Data in this exercise:
══════════════════════════════

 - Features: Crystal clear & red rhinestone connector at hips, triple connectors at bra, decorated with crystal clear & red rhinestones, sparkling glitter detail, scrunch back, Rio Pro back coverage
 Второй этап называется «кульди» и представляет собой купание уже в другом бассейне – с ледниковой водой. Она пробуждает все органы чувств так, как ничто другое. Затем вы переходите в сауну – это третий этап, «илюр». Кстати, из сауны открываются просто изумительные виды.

══════════════════════════════

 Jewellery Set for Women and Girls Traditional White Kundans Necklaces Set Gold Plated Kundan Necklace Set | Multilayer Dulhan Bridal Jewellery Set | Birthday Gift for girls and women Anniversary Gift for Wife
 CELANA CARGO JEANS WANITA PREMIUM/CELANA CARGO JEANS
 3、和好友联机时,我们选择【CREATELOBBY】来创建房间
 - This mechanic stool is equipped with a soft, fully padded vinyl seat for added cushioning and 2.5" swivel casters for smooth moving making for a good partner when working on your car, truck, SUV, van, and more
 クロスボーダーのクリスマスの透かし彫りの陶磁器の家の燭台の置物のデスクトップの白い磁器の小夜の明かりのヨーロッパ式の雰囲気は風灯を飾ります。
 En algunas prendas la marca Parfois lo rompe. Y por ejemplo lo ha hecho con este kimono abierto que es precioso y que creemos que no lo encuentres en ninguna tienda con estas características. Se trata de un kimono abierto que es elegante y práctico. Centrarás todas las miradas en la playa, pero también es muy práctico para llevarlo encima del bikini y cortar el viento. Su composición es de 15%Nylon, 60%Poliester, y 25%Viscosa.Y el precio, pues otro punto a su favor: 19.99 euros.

══════════════════════════════

Aim of the exercise:
In the listing above, find the line with "CELANA CARGO JEANS WANITA" and the line with "クロスボーダーのクリスマスの", then reproduce both and every line between them exactly.

Expected output:
 CELANA CARGO JEANS WANITA PREMIUM/CELANA CARGO JEANS
 3、和好友联机时,我们选择【CREATELOBBY】来创建房间
 - This mechanic stool is equipped with a soft, fully padded vinyl seat for added cushioning and 2.5" swivel casters for smooth moving making for a good partner when working on your car, truck, SUV, van, and more
 クロスボーダーのクリスマスの透かし彫りの陶磁器の家の燭台の置物のデスクトップの白い磁器の小夜の明かりのヨーロッパ式の雰囲気は風灯を飾ります。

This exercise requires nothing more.